The third area is one that I think is particularly exciting, and not everyone’s heard about, which are digital pharmaceuticals, or “digiceuticals.” They are digital therapeutics that are administered through apps, games, or software, that treat a patient’s condition or disease. For example, today there are apps that can treat depression, attention deficit disorder, insomnia, panic attacks, chronic pain, smoking cessation, the list goes on.

Finally, the fourth category is medication compliance. Again, these are apps, sensors, games, even ingestibles that remind patients to take medication and provide information to doctors or caregivers about a patient’s adherence and compliance.

Andrew Kris 

Recently, telehealth has been getting a huge amount of publicity in the pandemic. Which of these areas you mentioned do you think will have the greatest impact?

Naomi Fried 

Where we’re going to see the biggest growth in digital health will be in digital health diagnostics. We’re already seeing diagnostics for sleep, sleep apnea, pain, Parkinson’s Disease, even things like concussions.

For example, Prevent Biometrics has a mouth guard that athletes can wear to instantly detect a concussion, which then notifies the coach via an app. Mental health is another area where there’s a lot of digital diagnostic work. Sound Health has developed a digital health solution that analyzes a person’s voice and how they are saying something to evaluate their mental health. By identifying the digital biomarkers in a person’s voice, they can measure symptoms of depression or mild traumatic brain injury, or concussion.

Even cancer is being diagnosed with digital health tools.

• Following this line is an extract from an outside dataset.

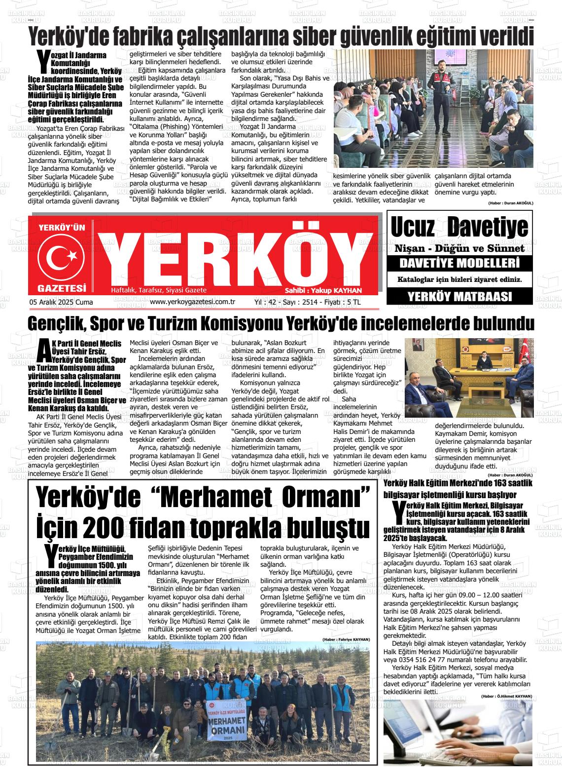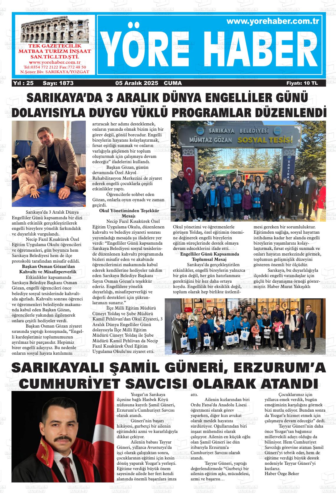 Yozgat Yerel Gazeteleri 05 Aralık 2025, Cuma Günü Manşeti
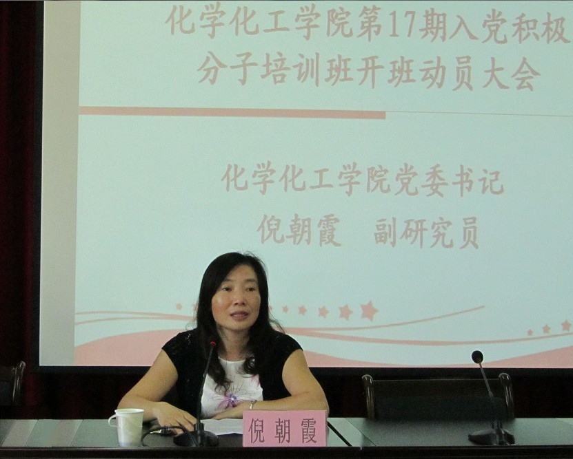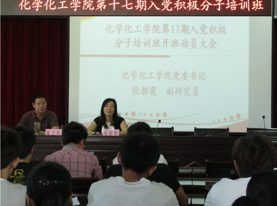 第17期学院分党校于嘉锡楼413开班。出席本次分党校开班仪式的有学院党委书记倪朝霞老师、院党委副书记施卫华老师、10级辅导员朱振宁老师以及11级辅导员华琴老师。首先,党委书记倪朝霞老师致开幕词,她对前来参加培训的积极分子表示热烈欢迎,向学生们阐明了学院分党校培训的目的与意义,并对新学员们提出了三点希望与要求:第一,把握机遇,勤奋学习;第二,突出重点,讲究方法;第三,坚持宗旨,创先争优。希望新学员们能珍惜这每一次的学习机会,并在今后的学习中不断提高自己,争取早日成为一名合格的共产党员。最后倪书记预祝此次培训会取得圆满的成功。

The digital health app, BiliScreen, uses smartphone cameras to detect pancreatic cancer by measuring the bilirubin levels and the whites of a person’s eyes, which is what causes pancreatic cancer patients’ eyes to take on a yellowish tint as their condition becomes more advanced.  What makes BiliScreen special is it can use this camera to detect very low levels of bilirubin, before the yellowing is visible to the naked eye, and indicate possible disease. Ultimately, this is an easier, cheaper diagnostic than a traditional blood test and can be done before any symptoms start to show.